その処理の過程では、CryptExportKeyによりエクスポートされたセッション鍵と、CryptGetHashParamにより取得されたハッシュ値(CryptEncrypt時に取得した暗号化元データのSHA1)が、CryptEncryptにより暗号化されたデータと近接する形でメモリ上に配置されることが確認できます(図46参照)。
またCryptExportKeyによりエクスポートされるセッション鍵は、より具体的にはEMOTET本体に保持している公開鍵を利用してエクスポートされ、バイナリデータが反転された状態で格納されます。
ここまでの結果から、Cookieに設定されているBase64エンコードされたデータは、デコードすると上から順に以下の形式になっていることがわかります。
(1) 暗号化セッション鍵(公開鍵で暗号化され、かつバイナリデータが反転された状態)
(2) 暗号化前のデータのSHA1
(3) 暗号化後のデータ
では、(3) の暗号化されたデータをさらに解析していきます。
該当データが暗号化される前の状態は、 CryptEncrypt の処理が行われる前のメモリを見ることで確認することができます。

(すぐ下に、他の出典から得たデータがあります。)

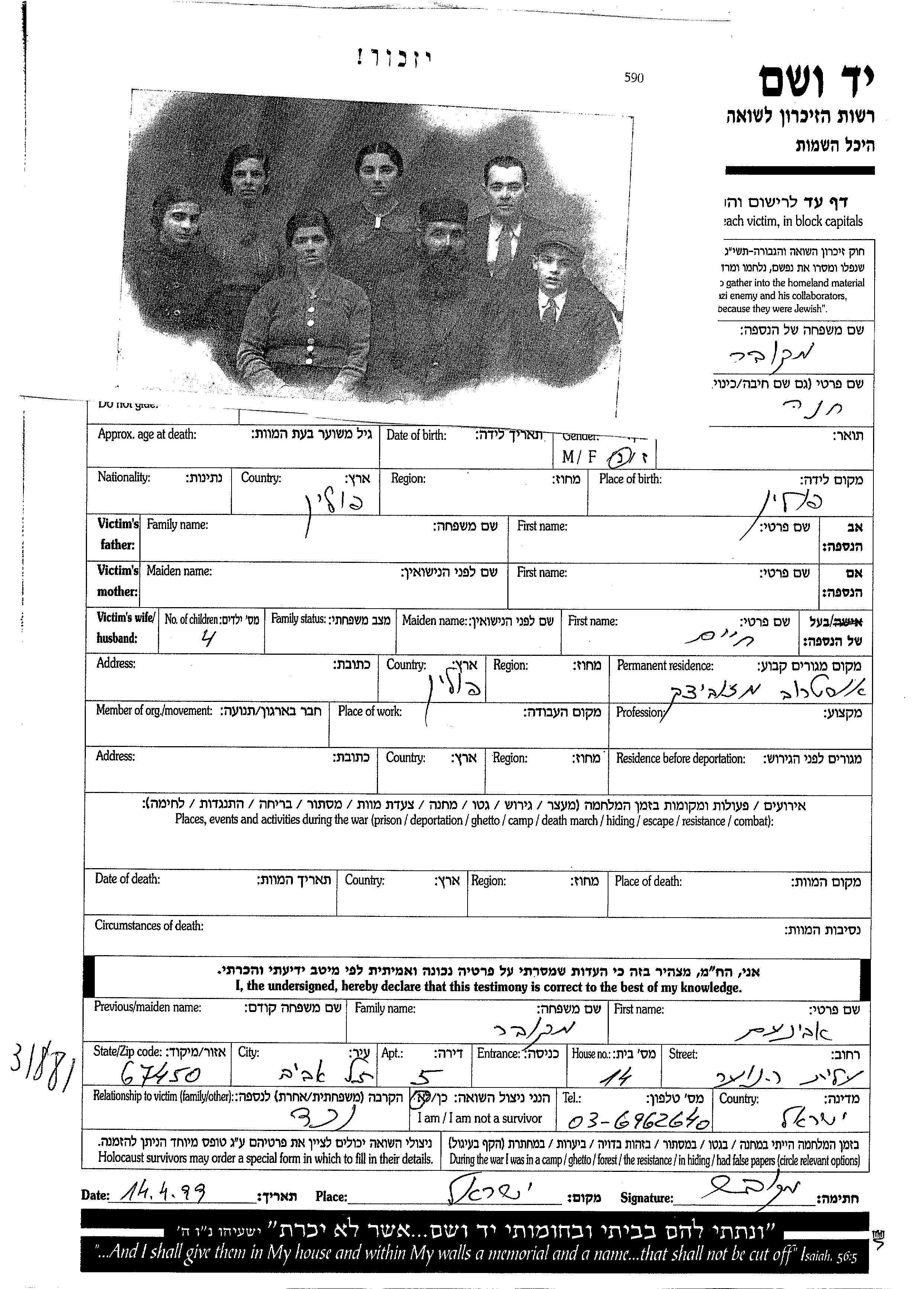 Yad Vashem - Pages of Testimony Names Memorial Collection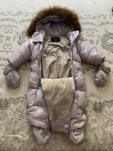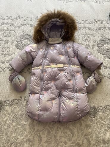 Детский зимний комбинезон-конверт - Цвет: нежно‑зеленый с принтом
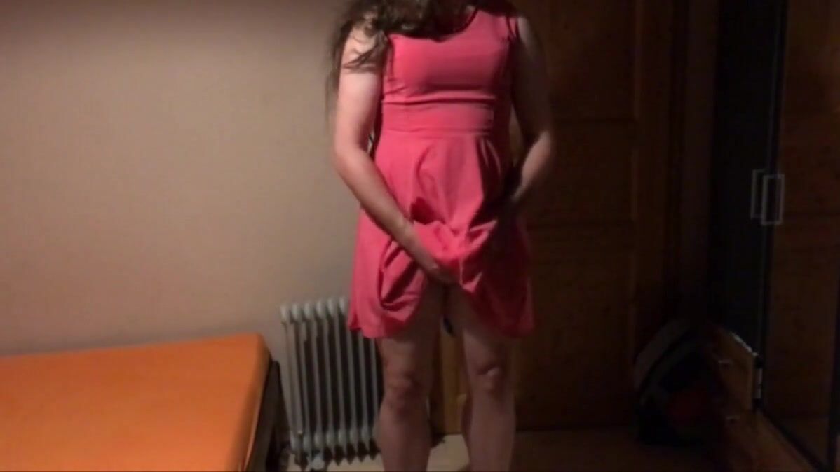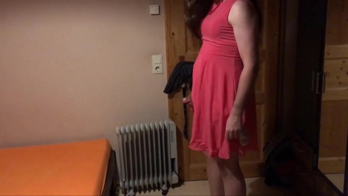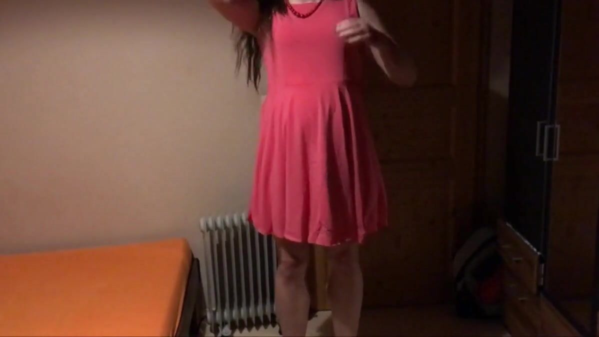 Sissy Carmen shows off her pretty pink dress. After over a week of orgasm denial she is so excited she has to stroke her cock. Cumshot on her face with her eating the cum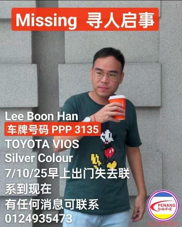 此外,有关帖文指出,李文汉驾驶的轿车为银色丰田威驰(Toyota Vios),车牌列号PPP 3135,自周二(7日)早上出门后便失联。家属已报警求助,并呼吁社会各界提供任何相关线索。网友们也积极转发相关寻人帖文。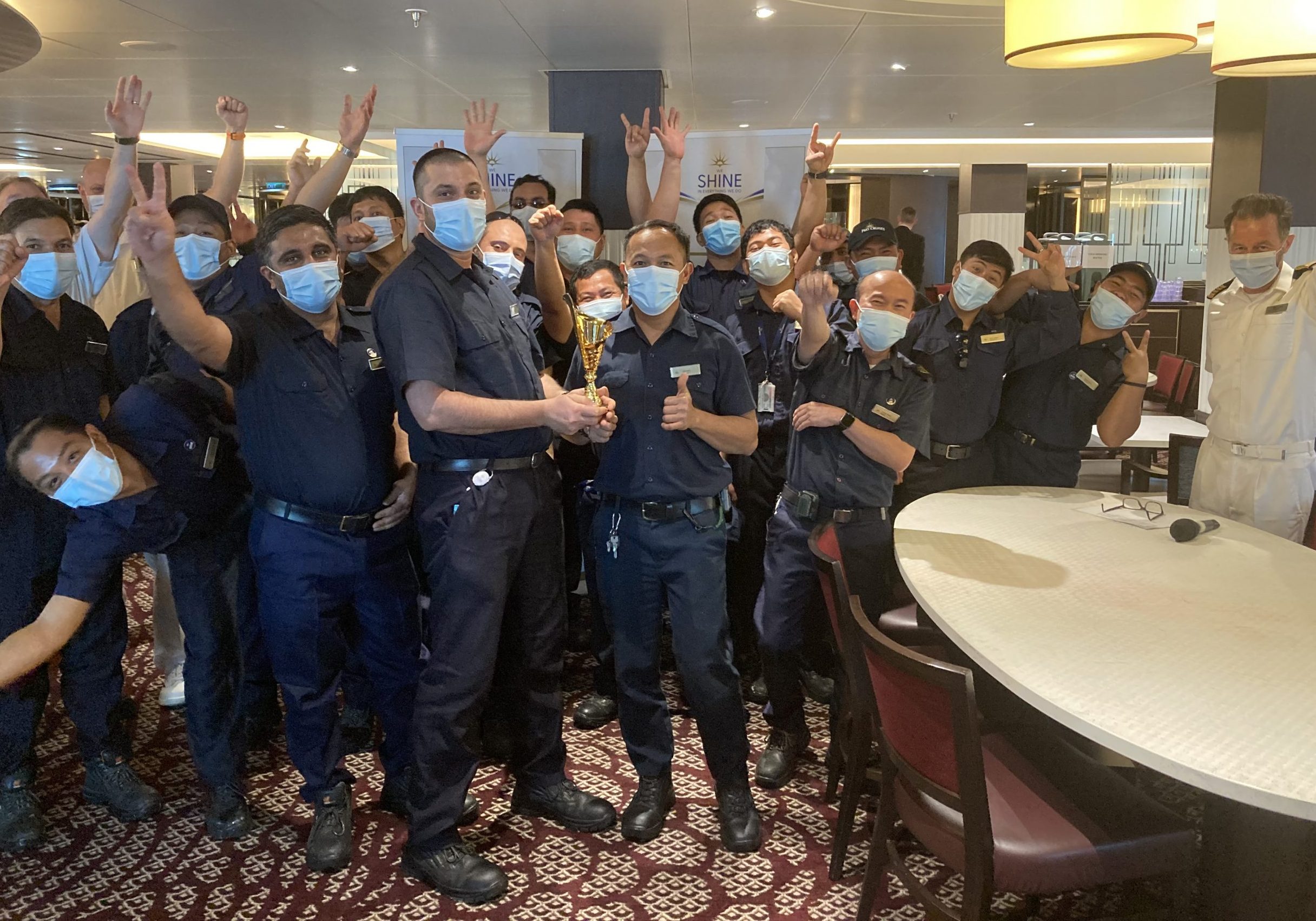 “The team worked extremely hard in assisting the hotel team in securing the open deck sun loungers during the highest guests counts we’ve had so far. They also kept the ship looking her best and to the highest standards by painting the chairs and table bases, and cleaning and painting balconies during busy turnaround days. Thank you for all your support – you ALL really do SHINE!”

CryptEncryptによる暗号化時に使用されるセッション鍵(1)は、セッション鍵作成時のCryptGenKeyの呼び出し時に設定される引数から、AES 128bitのCBCモード(デフォルト)であることがわかります。
図47の通り、メモリ上で確認できるCryptEncryptにより暗号化される前のデータ(以下、(4)とする)についても、依然図17で示したような構造ではありません。
さらに処理を辿った結果、暗号化前のデータ(4)は以下のような構造になっていることがわかりました。

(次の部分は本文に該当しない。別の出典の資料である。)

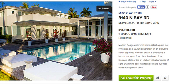 El precio del inmueble, que tiene siete habitaciones y ocho ba?os, además de una gran piscina y un embarcadero propio ronda los 14 millones de dólares.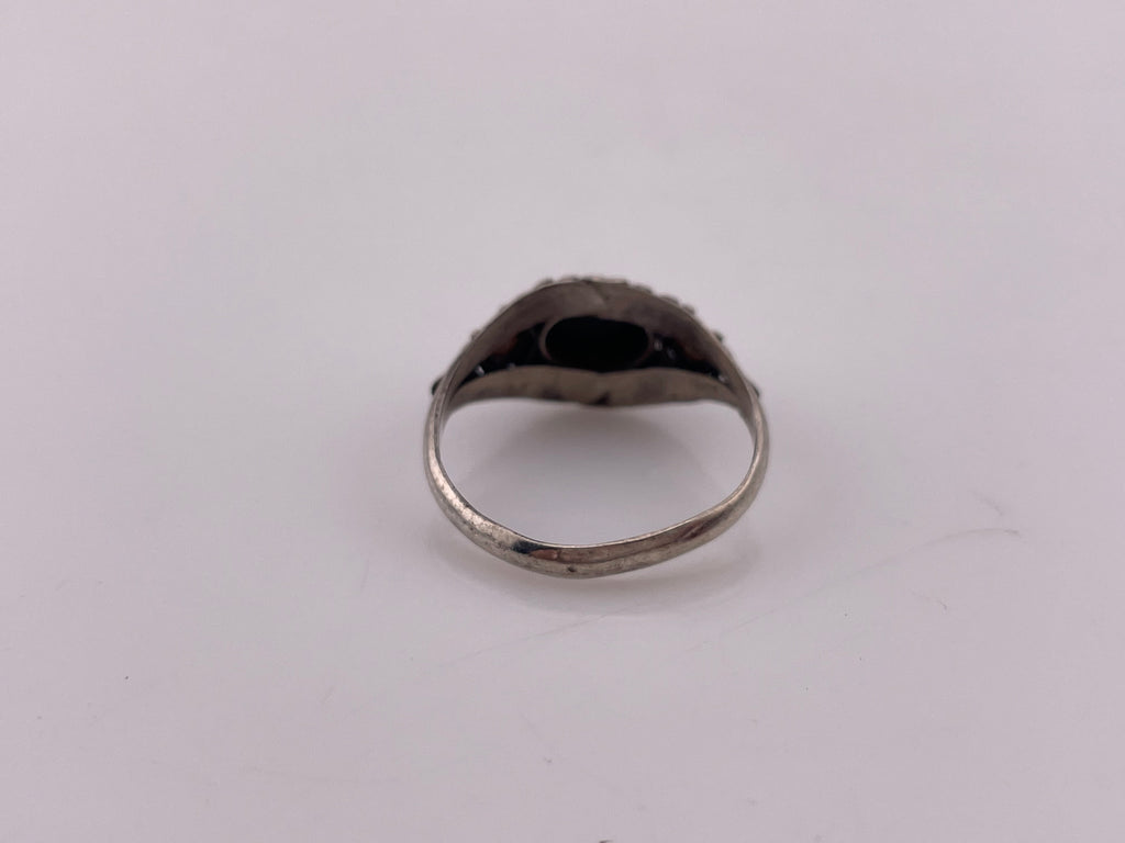 The silver is scratched from wear and storage, as is typical with pre-owned jewelry. This ring has tarnishing and patina that may not come off when polished.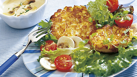 Faites chauffer l’huile dans une poêle à frire. Versez-y le mélange de pommes de terre à l’aide d’une petite louche.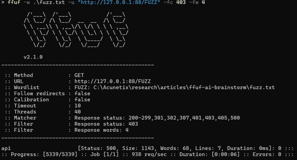 Now, let's use the new tool, brainstorm. It is designed to receive a full ffuf command line as a command line argument, so you can run ffuf first, exclude some responses, and then pass the full command line to brainstorm.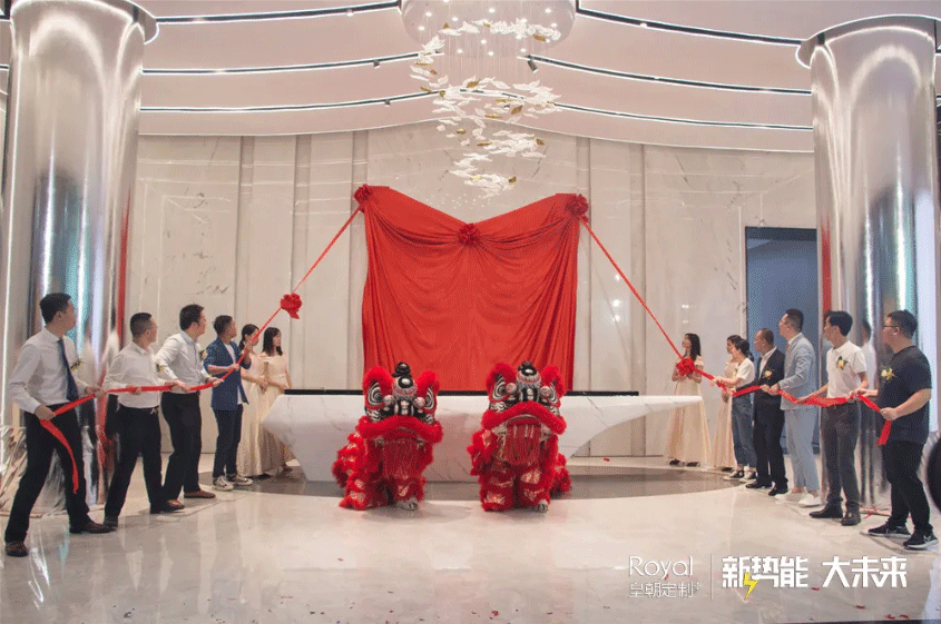 在鑼鼓喧天的樂聲和熱鬧非凡的舞獅中,嘉賓們莊嚴(yán)登場,落下神圣一剪,在場的經(jīng)銷商朋友們也紛紛舉起手機(jī),記錄下了這值得紀(jì)念的一刻。

さらに図49におけるデータ部(以下、(5)とする)を見ていきます。
データ部(5)は、先頭が0x78, 0x01で始まっており、これは「zlib」形式で使用されるマジックヘッダであると想定でいます。
よってこのデータ部(5)をファイルに書き出し、zlib形式のファイルとして展開してみた様子が以下です。
この結果、図17と同様の構造を持ったデータが現れました。
このことから図17のデータは zlib で圧縮され、さらに AES による暗号化が行われたデータであったことが判明しました。
なお、Cookieの直後には暗号化された文字列の先頭に数字が付与されています。
この数字は、GetTickCountにより取得した「システムを起動した後の経過時間」を0xFFFFで割った余りを10進数に変換した値が割り当てられます。
最後に、以上で確認できた状況を整理すると以下の図の流れとなります。
これによりEMOTETが送信するリクエストヘッダに含まれる暗号化文字列の内容および暗号化処理を紐解くことができました。